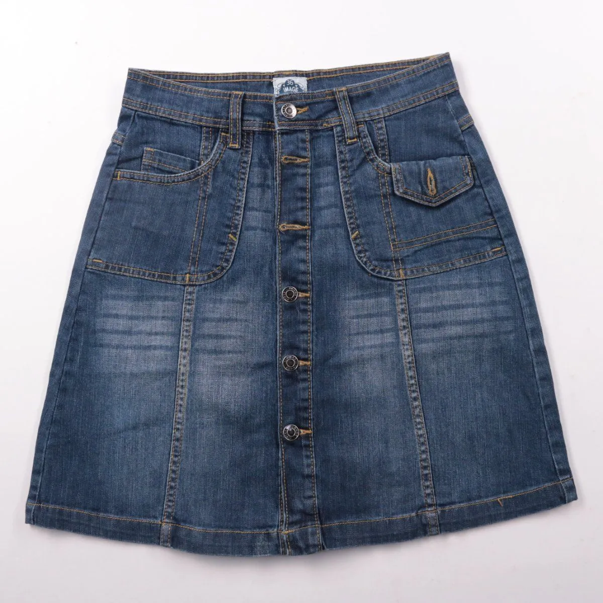 Джинсовая юбка Image синего цвета с застёжкой на пуговицы спереди и накладными карманами. Подойдёт для повседневных летних образов с футболками и рубашками. За счёт добавления эластана ткань немного тянется и комфортно садится по фигуре.
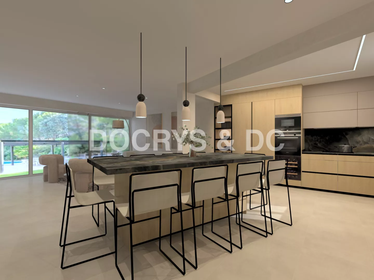 La iluminación se resuelve mediante líneas de luz empotradas en el techo, focos puntuales y lámparas colgantes sobre la isla, creando diferentes escenas y atmósferas según el uso de la estancia. La gran cristalera con acceso al jardín baña de luz natural todo el espacio, reforzando la sensación de amplitud y conexión con el exterior.
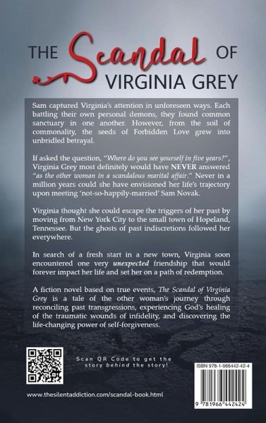 Sam captured Virginia's attention in unforeseen ways. Each battling their own personal demons, they found common sanctuary in one another. However, from the soil of commonality, the seeds of Forbidden Love grew into unbridled betrayal. If asked the question, "Where do you see yourself in five years?", Virginia Grey most definitely would have NEVER answered "as the other woman in a scandalous marital affair." Never in a million years could she have envisioned her life's trajectory upon meeting 'not-so-happily-married' Sam Novak. Virginia thought she could escape the triggers of her past by moving from New York City to the small town of Hopeland, Tennessee. But the ghosts of past indiscretions followed her everywhere. In search of a fresh start in a new town, Virginia soon encountered one very unexpected friendship that would forever impact her life and set her on a path of redemption. A fiction novel based on true events, The Scandal of Virginia Grey is a tale of the other woman's journey through reconciling past transgressions, experiencing God's healing of the traumatic wounds of infidelity, and discovering the life-changing power of self-forgiveness.

→ Task objective
Copy each line of the listing exactly, skipping any picture.

→ Exercise output
 Джинсовая юбка Image синего цвета с застёжкой на пуговицы спереди и накладными карманами. Подойдёт для повседневных летних образов с футболками и рубашками. За счёт добавления эластана ткань немного тянется и комфортно садится по фигуре.
 La iluminación se resuelve mediante líneas de luz empotradas en el techo, focos puntuales y lámparas colgantes sobre la isla, creando diferentes escenas y atmósferas según el uso de la estancia. La gran cristalera con acceso al jardín baña de luz natural todo el espacio, reforzando la sensación de amplitud y conexión con el exterior.
 Sam captured Virginia's attention in unforeseen ways. Each battling their own personal demons, they found common sanctuary in one another. However, from the soil of commonality, the seeds of Forbidden Love grew into unbridled betrayal. If asked the question, "Where do you see yourself in five years?", Virginia Grey most definitely would have NEVER answered "as the other woman in a scandalous marital affair." Never in a million years could she have envisioned her life's trajectory upon meeting 'not-so-happily-married' Sam Novak. Virginia thought she could escape the triggers of her past by moving from New York City to the small town of Hopeland, Tennessee. But the ghosts of past indiscretions followed her everywhere. In search of a fresh start in a new town, Virginia soon encountered one very unexpected friendship that would forever impact her life and set her on a path of redemption. A fiction novel based on true events, The Scandal of Virginia Grey is a tale of the other woman's journey through reconciling past transgressions, experiencing God's healing of the traumatic wounds of infidelity, and discovering the life-changing power of self-forgiveness.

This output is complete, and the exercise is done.